- ICH GCP
- US Clinical Trials Registry
- Clinical Trial NCT01819311
Attention Bias Modification Training for Child Anxiety CBT Nonresponders
Study Overview
Status
Conditions
Intervention / Treatment
Detailed Description
This application proposes a pilot test of Attention Bias Modification Training (ABMT) among children and adolescents who have completed a full protocol of cognitive behavior therapy (CBT) for anxiety and still meet criteria for a primary diagnosis of an anxiety disorder a full year after completion of CBT. There is currently not a single empirical study in the youth anxiety treatment literature that has systematically examined a treatment augment for youth who fail to respond to a full course of CBT. Empirical efforts to address this issue are important because youths who do not respond to CBT continue to suffer emotional distress and impairment associated with anxiety disorders, experience frustration and demoralization by perceived "failure," and likely pose a financial burden on the health care system.

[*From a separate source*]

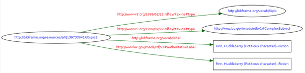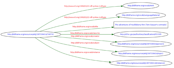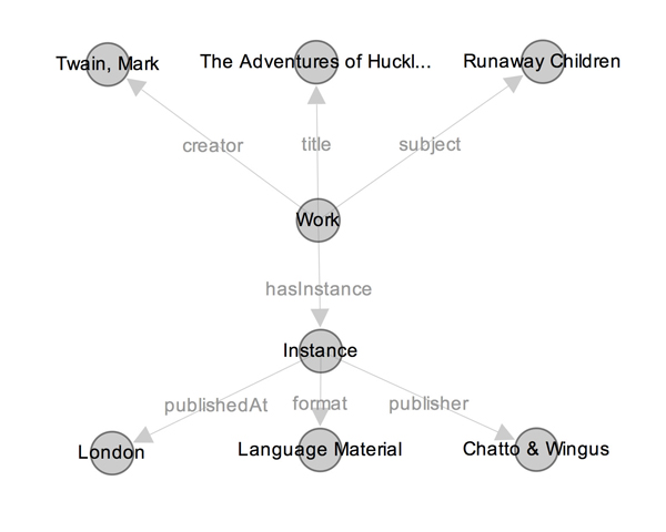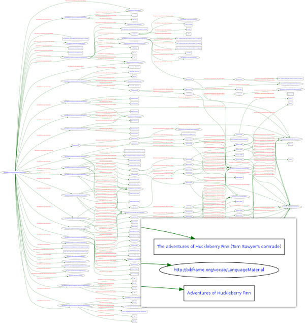 A graph visualization of the book The Adventures of Huckleberry Finn in the BIBFRAME specification |

ABMT is a novel translational treatment for anxiety based on experimental and neuroscience research findings on attention processes. Research demonstrates that ABMT leads to reductions in anxiety and its disorders. Based on recent theory and research demonstrating an attention bias toward threat predicts CBT nonresponse among anxious youth, researchers have postulated that ABMT may hold promise as an augment to CBT because of its specific focus on attention bias that targets both frontal-cortical and subcortical circuitry.
This study will recruit an estimated 70 children and adolescents who have completed a 12-14 week CBT trial for anxiety disorders and at the one year follow-up continue to meet criteria for a primary diagnosis of an anxiety disorders. These 70 children and adolescents (ages 8-16 years) will be randomly assigned to complete eight biweekly sessions of either ABMT or a placebo control (PC) task. Clinician ratings on youth anxiety severity will be collected and evaluated as the primary outcome. Youth self ratings on anxiety symptoms and parent ratings on youth anxiety symptoms will be collected and evaluated as secondary outcomes. All measures will be collected before condition assignment (pretreatment), at immediate posttreatment, and at an eight week follow up. The following specific aims will be addressed.

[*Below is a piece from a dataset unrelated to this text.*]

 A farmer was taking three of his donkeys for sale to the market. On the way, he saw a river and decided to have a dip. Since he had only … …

Aim 1: Test whether ABMT leads to significantly lower levels of anxiety at posttreatment as compared to a Placebo Control Task.

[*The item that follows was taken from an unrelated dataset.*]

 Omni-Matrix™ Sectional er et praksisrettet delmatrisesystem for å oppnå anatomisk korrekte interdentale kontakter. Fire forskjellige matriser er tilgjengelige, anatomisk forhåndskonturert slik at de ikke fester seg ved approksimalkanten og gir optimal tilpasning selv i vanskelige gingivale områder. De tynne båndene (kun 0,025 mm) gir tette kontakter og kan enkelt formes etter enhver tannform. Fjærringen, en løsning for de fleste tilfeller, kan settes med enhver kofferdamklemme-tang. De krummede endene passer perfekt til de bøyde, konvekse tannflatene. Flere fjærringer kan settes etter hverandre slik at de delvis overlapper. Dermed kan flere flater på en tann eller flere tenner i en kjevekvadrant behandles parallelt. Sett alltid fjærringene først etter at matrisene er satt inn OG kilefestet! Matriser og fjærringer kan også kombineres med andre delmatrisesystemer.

Aim 2: Examine whether ABMT leads to significantly lower levels of anxiety as compared to a Placebo Control Task at a follow up evaluation eight weeks posttreatment. This would suggest the maintenance of ABMT effects after eight weeks of no treatment.
Aim 3: Gain perspective on the viability of variables as potential mediators and moderator of ABMT so as to inform decisions about whether to pursue these variables in a future R01. The variables proposed as potential mediators are attention bias toward threat and threat-related interpretation bias. The variable proposed as a potential moderator is attention control.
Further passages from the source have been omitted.